> **WHAT YOU HAVE TO DO**
From the listing below, restate word for word the lines from the line containing "為推進體育學院(冰雪運動學院" down through the line containing "and start typing". Exclude pictures.

> **RAW DATA**
^^^^
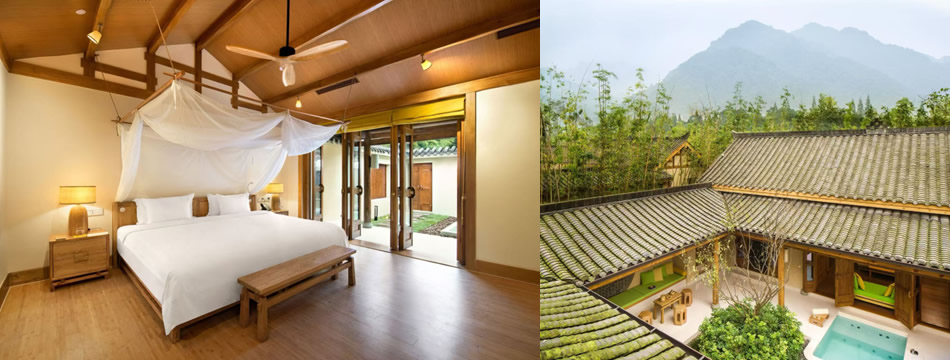 青城山六善酒店毗鄰都江堰景區(qū),依托青城山自然與文化雙遺產(chǎn)底蘊(yùn),融合道家養(yǎng)生理念與現(xiàn)代可持續(xù)設(shè)計(jì),打造靜謐療愈空間,詮釋“與在地生態(tài)共生”的品牌理念。酒店建筑與景觀巧妙結(jié)合地域特色與現(xiàn)代風(fēng)格,庭院別墅和套房以自然色調(diào)呈現(xiàn)寬敞舒適空間。屢獲殊榮的水療中心采用道家療法,調(diào)神靜氣;餐飲將四川美食精髓融入現(xiàn)代烹飪手法,呈現(xiàn)地道風(fēng)味。
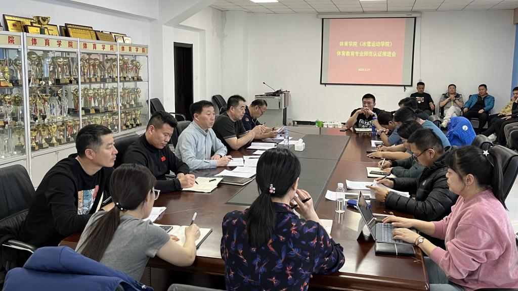 為推進體育學院(冰雪運動學院)的師范專業認證工作,提高師范專業的教學質量和人才培養水平,3月27日下午,體育學院(冰雪運動學院)在東山田徑場二樓會議室召開師范專業認證工作推進會。會議由學院院長李曉峰主持,領導班子成員及全體教師參加會議。
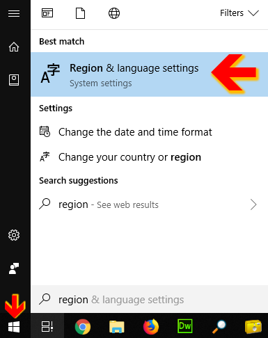 and start typing Region & language. That should bring up this
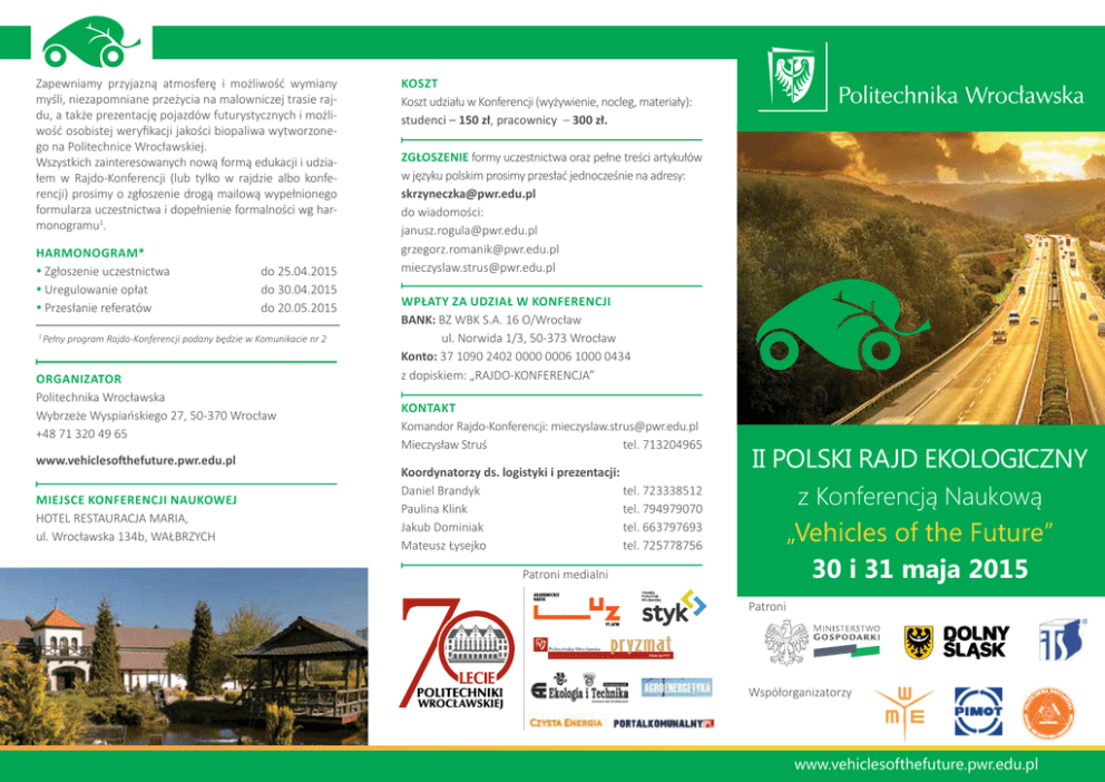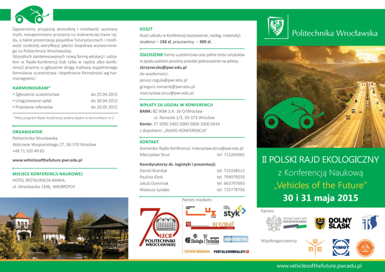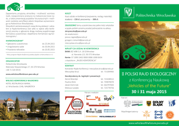 zapewniamy przyjazną atmosferę i możliwość wymiany myśli, niezapomniane przeżycia na malowniczej trasie rajdu, a także prezentację pojazdów futurystycznych i możliwość osobistej weryfikacji jakości biopaliwa wytworzonego na Politechnice Wrocławskiej. Wszystkich zainteresowanych nową formą edukacji i udziałem w Rajdo-Konferencji (lub tylko w rajdzie albo konferencji) prosimy o zgłoszenie drogą mailową wypełnionego formularza uczestnictwa i dopełnienie formalności wg harmonogramu1. HARMONOGRAM* zgłoszenie uczestnictwa Uregulowanie opłat Przesłanie referatów 1 do 25.04.2015 do 30.04.2015 do 20.05.2015 Pełny program Rajdo-Konferencji podany będzie w Komunikacie nr 2 ORGANIZATOR Politechnika Wrocławska Wybrzeże Wyspiańskiego 27, 50-370 Wrocław +48 71 320 49 65 www.vehiclesofthefuture.pwr.edu.pl mIEJSCE KONFERENCJI NAUKOWEJ hotel RestaURacJa MaRia, ul. Wrocławska 134b, WałBRzych KOSZt Koszt udziału w Konferencji (wyżywienie, nocleg, materiały): studenci – 150 zł, pracownicy – 300 zł. ZGłOSZENIE formy uczestnictwa oraz pełne treści artykułów w języku polskim prosimy przesłać jednocześnie na adresy: [email protected] do wiadomości: [email protected] [email protected] [email protected] WPłAtY ZA UDZIAł W KONFERENCJI BANK: Bz WBK s.a. 16 o/Wrocław ul. norwida 1/3, 50-373 Wrocław Konto: 37 1090 2402 0000 0006 1000 0434 z dopiskiem: „RaJdo-KonFeRencJa” KONtAKt Komandor Rajdo-Konferencji: [email protected] Mieczysław struś tel. 713204965 Koordynatorzy ds. logistyki i prezentacji: daniel Brandyk tel. 723338512 Paulina Klink tel. 794979070 Jakub dominiak tel. 663797693 Mateusz łysejko tel. 725778756 II POLSKI RAJD EKOLOGICZNY z Konferencją Naukową „Vehicles of the Future” 30 i 31 maja 2015 Patroni medialni Patroni Współorganizatorzy www.vehiclesofthefuture.pwr.edu.pl RAJDO-KONFERENCJA II POLSKI RAJD EKOLOGICZNY z KONFERENCJĄ NAUKOWĄ W odpowiedzi na rosnące zainteresowanie tematyką pojazdów przyszłości i rozwoju motoryzacji, a także podtrzymując dobre doświadczenia zeszłorocznej edycji, mamy zaszczyt zaprosić Państwa do uczestnictwa w kolejnej Rajdo-Konferencji. Wymiana myśli i doświadczeń odbędzie się natomiast drugiego dnia Rajdo-Konferencji w Hotelu Maria w Wałbrzychu. Celem konferencji jest możliwość zaprezentowania wyników swoich prac badawczych i konstrukcyjnych, wymiana doświadczeń oraz integracja środowiska studentów, doktorantów i młodych naukowców. II POLSKI RAJD EKOLOGICZNY z KONFERENCJĄ NAUKOWĄ „Vehicles of the Future” organizowany w dniach 30 i 31 maja 2015 r. przez Politechnikę Wrocławską, Wydział Mechaniczno-energetyczny przy współpracy Przemysłowego Instytutu Motoryzacji w Warszawie Pod patronatem Wicepremiera, Ministra Gospodarki Rzeczypospolitej Polskiej Janusza Piechocińskiego Wicemarszałka Województwa Dolnośląskiego dr. Tadeusza Samborskiego J.M. Rektora Politechniki Wrocławskiej prof. dr. hab. inż. Tadeusza Więckowskiego Prorektora Politechniki Wrocławskiej dr. hab. inż. Zbigniewa Sroki prof. PWr Dziekana Wydziału Mechaniczno-Energetycznego prof. dr. hab. inż. Zbigniewa Gnutka Dyrektora Instytutu Transportu Samochodowego w Warszawie dr. hab. inż. Marcina Ślęzaka Przedsięwzięcie jest syntezą klasycznej konferencji naukowej oraz pokazu alternatywnych konstrukcji pojazdów, a także efektywności jazdy rajdowej pojazdów użytkowych, zasilanych biopaliwami i innymi alternatywnymi zespołami napędowymi. „Vehicles of the Future” Komitet organizacyjny Rajdo-Konferencja organizowana jest w 70. rocznicę zakończenia II wojny światowej i roku jubileuszowym 70-lecia Politechniki Wrocławskiej. Dla upamiętnienia tamtych wydarzeń w jej trakcie odbędzie się m.in. uroczyste złożenie wieńców i zniczy pod Pomnikiem Losów Ojczyzny w Oławie, Pomnikiem Golgoty Wschodu w Oleśnicy, a także pod Pomnikiem Pomordowanych Profesorów Lwowskich we Wrocławiu. Rajdo-Konferencja rozpocznie się na terenie Politechniki Wrocławskiej bezpłatnym tankowaniem biopaliwa jednośladów i wielośladów. Prezentacja pojazdów i oficjalne otwarcie imprezy odbędzie się na Rynku we Wrocławiu. Trasa rajdu: Wrocław – Oleśnica – Oława – Strzelin – Świdnica – Wałbrzych. Komitet naukowy prof. dr hab. inż. Zbigniew Gnutek prof. dr hab. inż. Maria Jędrusik płk dr hab. inż. Mieczysław Struś dr hab. inż. Zbigniew Sroka prof. PWr dr hab. inż. Jacek Kasperski prof. PWr prof. dr hab. inż. Maciej Chorowski prof. dr hab. inż. Piotr Dudziński prof. dr hab. inż. Marek Gawliński prof. dr hab. inż. Wacław Kollek prof. dr hab. inż. Lech Sitnik doc. dr inż. Andrzej Figiel dr hab. inż. Marcin Ślęzak dr inż. Jacek Lamperski dr inż. Andrzej Muszyński dr inż. Janusz Rogula dr inż. Grzegorz Romanik dr inż. Janusz Skrzypacz dr inż. Janusz Wach płk dr hab. inż. Mieczysław Struś – Komandor Rajdo-Konferencji dr inż. Stefan Gołąbek – Honorowy Komandor dr inż. Janusz Rogula – Wicekomandor dr inż. Jacek Lamperski – Wicekomandor dr inż. Grzegorz Romanik – Wicekomandor inż. Daniel Brandyk – koordynator ds. logistyki inż. Paulina Klink – koordynator ds.konferencji Tematyka konferencji naukowej I Efektywność energetyczna pojazdów Konstrukcje silników Układy hybrydowe Rozwiązania o większej sprawności energetycznej Aerodynamika pojazdów II Napędy alternatywne Konstrukcje minimalizujące zużycie energii Ekologia w motoryzacji Eksploatacja pojazdów Napędy niekonwencjonalne III Konstrukcje przyszłości Budowa pojazdów Analiza elementów konstrukcyjnych Pojazdy bezzałogowe P rojektowanie wspomagane komputerowo Treść referatów będzie recenzowana przez członków Komitetu Naukowego. Autorzy najlepszych referatów otrzymają nagrody, a ich artykuły, po spełnieniu wymogów redakcyjnych, będą opublikowane w wydawnictwie zwartym lub w czasopismach naukowych.
^^^^
> **RESULT FOR THIS TASK**
 為推進體育學院(冰雪運動學院)的師范專業認證工作,提高師范專業的教學質量和人才培養水平,3月27日下午,體育學院(冰雪運動學院)在東山田徑場二樓會議室召開師范專業認證工作推進會。會議由學院院長李曉峰主持,領導班子成員及全體教師參加會議。
 and start typing Region & language. That should bring up this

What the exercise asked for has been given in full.